[Stored entries]
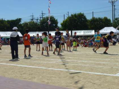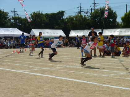 注目の小学生男女混合400mリレーです。各町内の期待を背負って懸命に走ります。
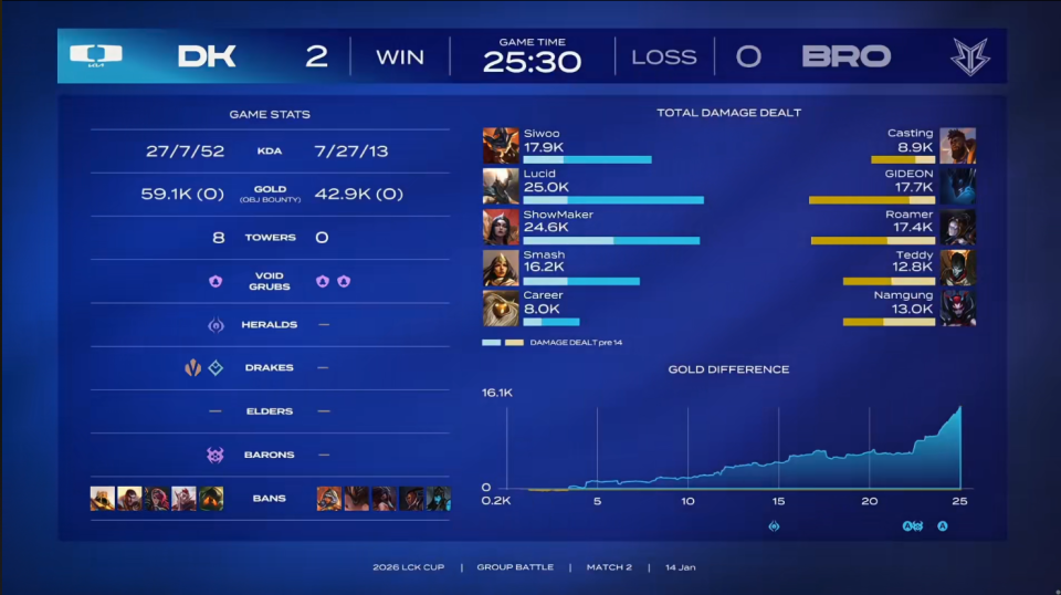 第一局比赛,DK蓝色方,禁用:沙皇、杰斯、发条、鳄鱼、卡莎,选用:Siwoo安蓓萨、Lucid皇子、ShowMaker瑞兹、Smash伊泽瑞尔、Career卡尔玛;BRO红色方,禁用:奇亚娜、石头人、兰博、巴德、卢锡安,选用:Casting雷克塞、GIDEON赵信、Roamer岩雀、Teddy芸阿娜、Namgung妮蔻
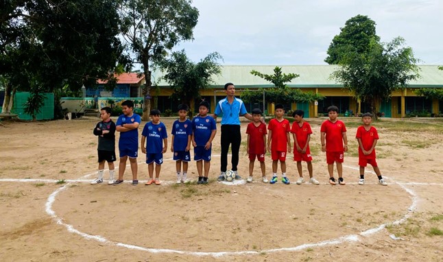 Trao huy chương cho đội bóng xuất sắc của Trường Tiểu học B Vĩnh Trường
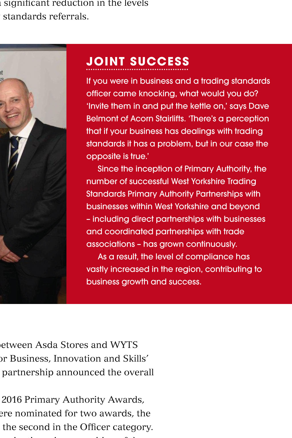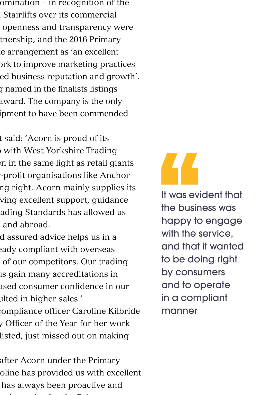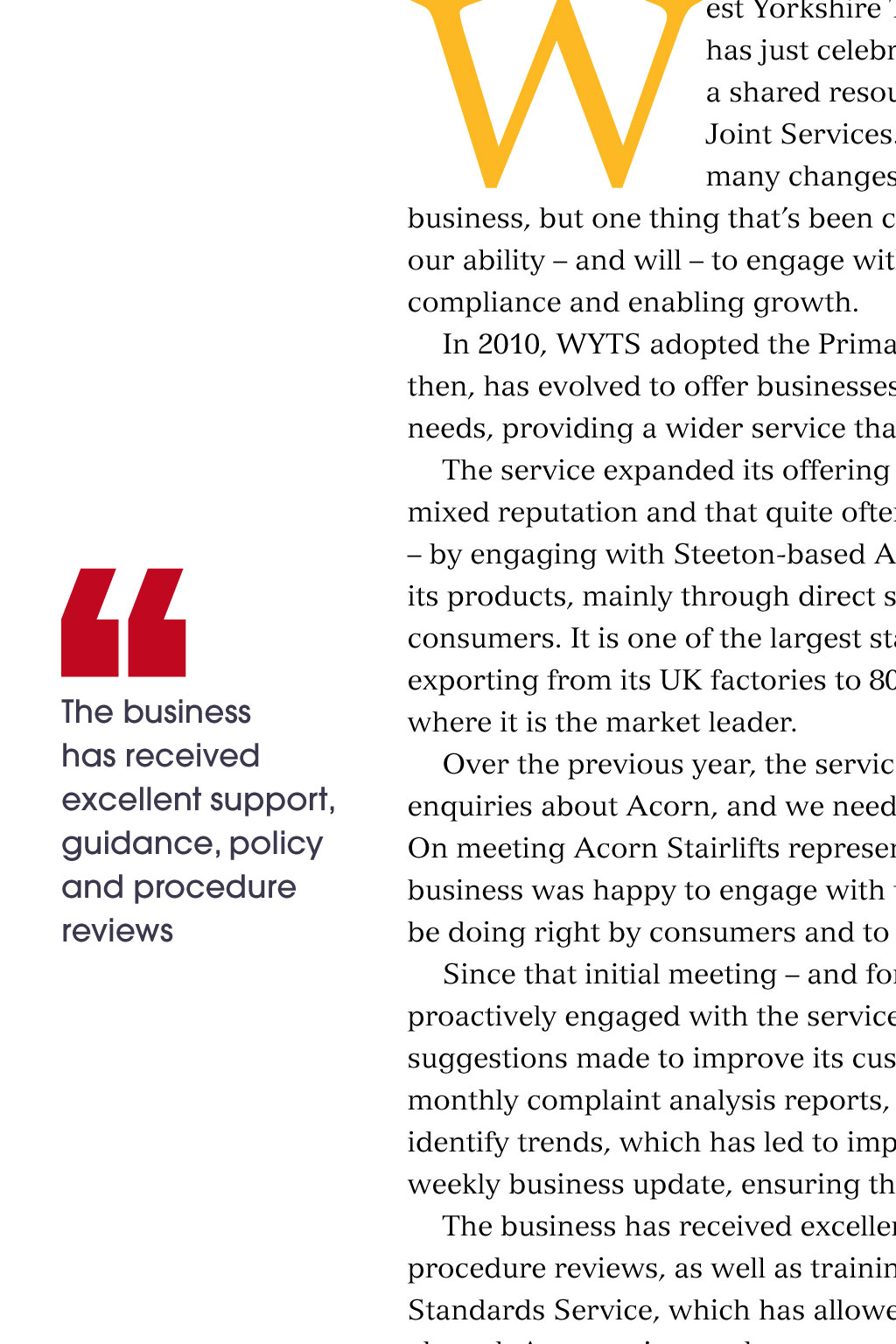 WYTS Primary Authority: Acorn Stairlifts In this feature l partnerships l enabling growth l winning awards In it together Partnering with trading standards has helped a West Yorkshire business Acorn Stairlifts to thrive. Jackie White explains W The business has received excellent support, guidance, policy and procedure reviews est Yorkshire Trading Standards Service (WYTS) has just celebrated its 30th birthday as part of a shared resource offered by West Yorkshire Joint Services. During that time, we have seen many changes to our approach to working with business, but one thing thats been constant throughout has been our ability and will to engage with business at all levels, ensuring compliance and enabling growth. In 2010, WYTS adopted the Primary Authority scheme and, since then, has evolved to offer businesses different packages to meet their needs, providing a wider service than before. The service expanded its offering in 2012 to a sector with a mixed reputation and that quite often lacks consumer confidence by engaging with Steeton-based Acorn Stairlifts. Acorn supplies its products, mainly through direct sales, predominantly to elderly consumers. It is one of the largest stairlift suppliers in the world, exporting from its UK factories to 80 countries, including the USA, where it is the market leader. Over the previous year, the service had received a number of enquiries about Acorn, and we needed to establish the cause. Onmeeting Acorn Stairlifts representatives, it was evident that the business was happy to engage with the service and that it wanted to bedoing right by consumers and to operate in a compliant manner. Since that initial meeting and for the last four years Acorn has proactively engaged with the service and has been receptive to the suggestions made to improve its customer service. We give the business monthly complaint analysis reports, enabling both them and us to identify trends, which has led to improved practice. We also hold a weekly business update, ensuring there is openness and transparency. The business has received excellent support, guidance, policy and procedure reviews, as well as training from West Yorkshire Trading Standards Service, which has allowed it to grow both in the UK and abroad. As a service, we have seen a significant reduction in the levels of consumer complaints and trading standards referrals. JOINT SuCCES S If you were in business and a trading standards officer came knocking, what would you do? Invite them in and put the kettle on, says Dave Belmont of Acorn Stairlifts. Theres a perception that if your business has dealings with trading standards it has a problem, but in our case the opposite is true. Since the inception of Primary Authority, the number of successful West Yorkshire Trading Standards Primary Authority Partnerships with businesses within West Yorkshire and beyond including direct partnerships with businesses and coordinated partnerships with trade associations has grown continuously. As a result, the level of compliance has vastly increased in the region, contributing to business growth and success. Recognition and support In 2014, the successful partnership between Asda Stores and WYTS was recognised at the Department for Business, Innovation and Skills Primary Authority Awards, with the partnership announced the overall winner of the Business category. Further accolades followed at the 2016 Primary Authority Awards, where WYTS and Acorn Stairlifts were nominated for two awards, the first in the Partnership category and the second in the Officer category. In the Partnership category, the nomination in recognition of the advice and support offered to Acorn Stairlifts over its commercial practices said that it was clear that openness and transparency were at the heart of the success of the partnership, and the 2016 Primary Authority Awards panel described the arrangement as an excellent example of how a partnership can work to improve marketing practices of a business, contributing to improved business reputation and growth. The nomination led to Acorn being named in the finalists listings andreceiving a Highly Commended award. The company is the only supplier of stairlifts and mobility equipment to have been commended atthe event. Company secretary Dave Belmont said: Acorn is proud of its customer service and its partnership with West Yorkshire Trading Standards Service. When we are seen in the same light as retail giants such as Asda and Boots, and not-for-profit organisations like Anchor Housing, we must be doing something right. Acorn mainly supplies its stairlifts to elderly consumers. Receiving excellent support, guidance and training from West Yorkshire Trading Standards has allowed us togrow our business both in the UK and abroad. Having a secure home market and assured advice helps us in a number of ways. We find we are already compliant with overseas requirements and this puts us ahead of our competitors. Our trading standards endorsement has helped us gain many accreditations in the past 12 months, which has increased consumer confidence in our business and which, in turn, has resulted in higher sales. In a second category, regulatory compliance officer Caroline Kilbride was nominated as Primary Authority Officer of the Year for her work with Acorn and, despite being shortlisted, just missed out on making the finalists listings. Belmont said: Since first looking after Acorn under the Primary Authority scheme, back in 2012, Caroline has provided us with excellent support, guidance and training. She has always been proactive and supportive. Caroline is an excellent ambassador for the Primary Authority scheme. After the awards success, Belmont accepted an invitation to be a key speaker at the West Yorkshire Joint Services Big 30 Open Day, celebrating 30 years of West Yorkshire Joint Services, of which trading standards is a key component. I was delighted to be asked to speak and hopefully to persuade other deleg
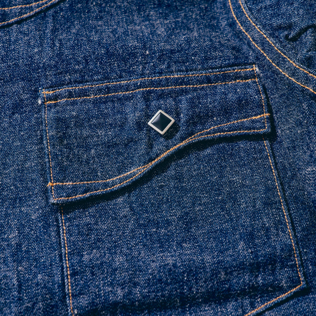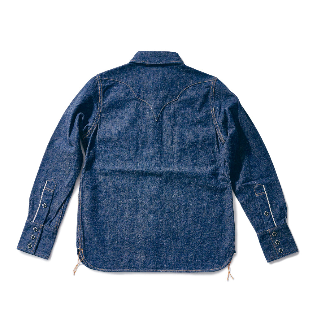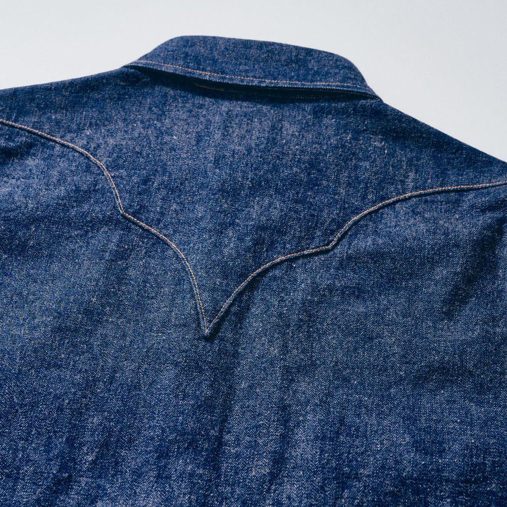 A denim western shirt. The fabric is a Samurai original made from irregular #10 yarn, and it sports a tight and well-balanced silhouette. We’ve used cotton for the stitching and have added details like winding stitches, square dot buttons, and a nut cat eye button on the top. The yoke and pockets were designed with the image of Samurai flying stitches to represent the flying blade of a katana.
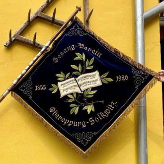 Auch die Gesangvereinsfahne Oberoppurg - Solkwitz wurde nach Oberoppurg übergeben. Die Gemeinde freut sich sie zum nächsten Fest wieder in Solkwitz zeigen zu können.
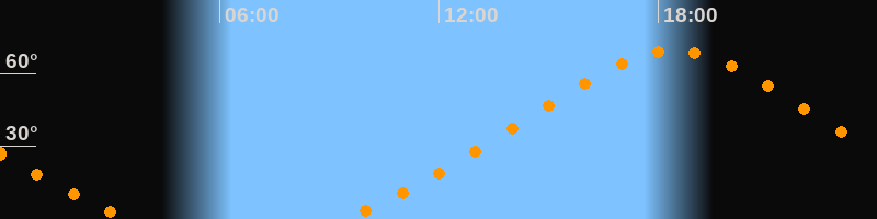 | Höchster Stand (Kulmination) | 18:26 Uhr (h = 69,5°) |
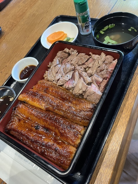 メニューが豊富で、洋食、和食、色々あって目移りします。タッチパネルでの注文で、注文の仕方や説明も丁寧にして下さいます。今回は前から気になっていた、鰻と牛ハラミの合い盛りをいただきました。自社で赤城山麓で養殖している鰻だそうです。少し小骨はありますが、臭みもなく美味しい鰻でした。牛ハラミと両方食べられるところが良いです。ここは、ご飯を白米か酵素玄米か選べるところが気に入っています。健康を意識している人には嬉しいですね。私は酵素玄米にしました。ササゲかな?小豆かな?も入っていました。美味しかったです。これで3000以内ならお安いと思います。
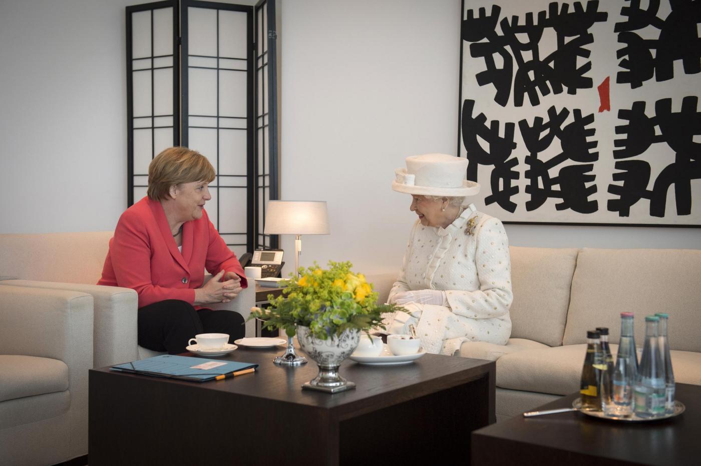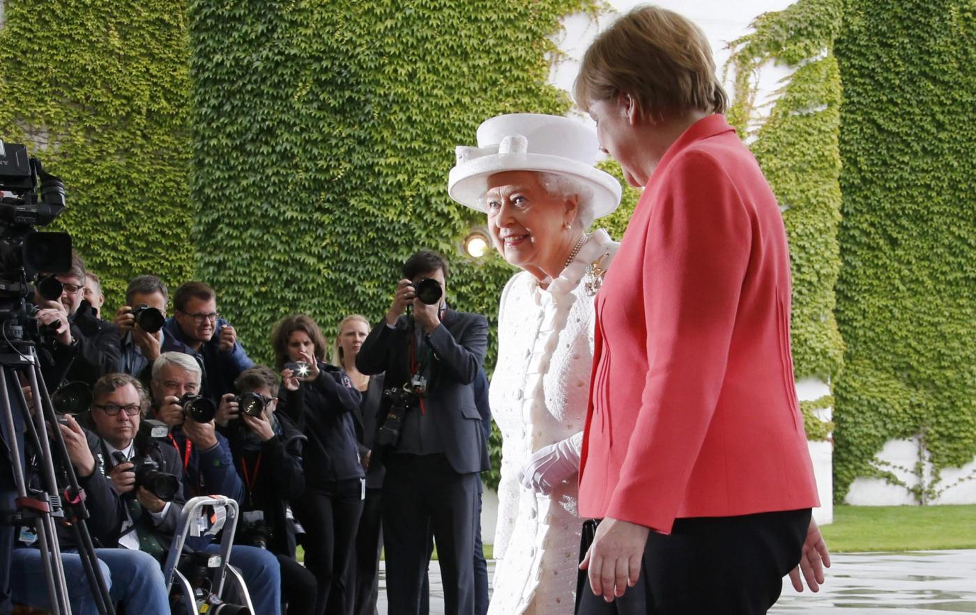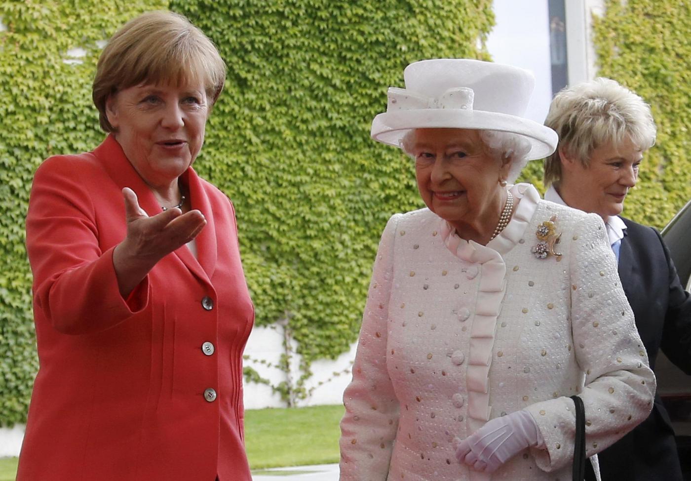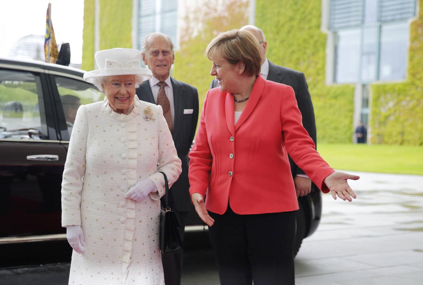 BERLINO – Angela Merkel versione austerity anche nell’abbigliamento: accoglie la regina Elisabetta con la stessa giacca indossata al G7. La regina britannica e il principe consorte Filippo di Edimburgo sono arrivati martedì sera in Germania per una visita ufficiale di quattro giorni, che li porterà, oltreché a Berlino, a Francoforte e al memoriale del campo di concentramento di Bergen-Belsen.
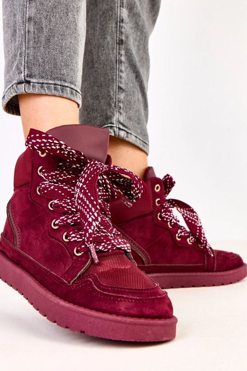 Kersenrode hoge sportieve schoenen met dikke veters Klevis
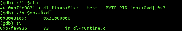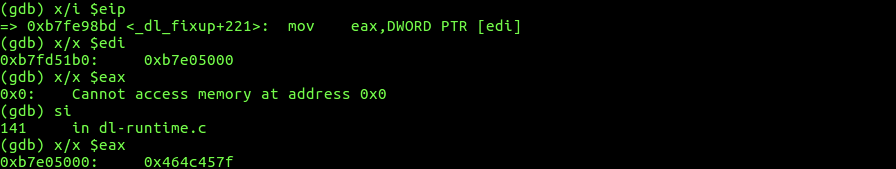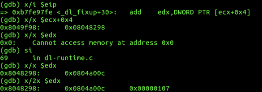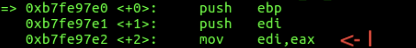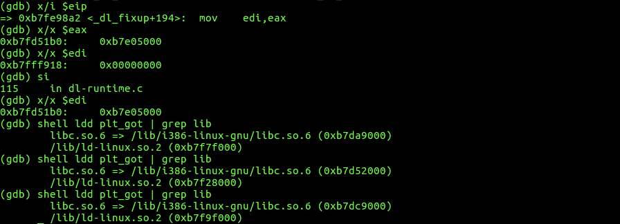 _dl_lookup_symbol_x 함수의 반환값을 edi 레지스터로 옮기는데 반환값은 lib의 주소(0xb7e05000)가 들어있는 주소 0xb7fd51b0이다.

(Task item):
Leaving every picture aside, reproduce exactly the lines above from the one with "Uhr (h = 69,5°) |" up to and including the one with "メニューが豊富で、洋食、和食", and no others.

(Your response):
 | Höchster Stand (Kulmination) | 18:26 Uhr (h = 69,5°) |
 メニューが豊富で、洋食、和食、色々あって目移りします。タッチパネルでの注文で、注文の仕方や説明も丁寧にして下さいます。今回は前から気になっていた、鰻と牛ハラミの合い盛りをいただきました。自社で赤城山麓で養殖している鰻だそうです。少し小骨はありますが、臭みもなく美味しい鰻でした。牛ハラミと両方食べられるところが良いです。ここは、ご飯を白米か酵素玄米か選べるところが気に入っています。健康を意識している人には嬉しいですね。私は酵素玄米にしました。ササゲかな?小豆かな?も入っていました。美味しかったです。これで3000以内ならお安いと思います。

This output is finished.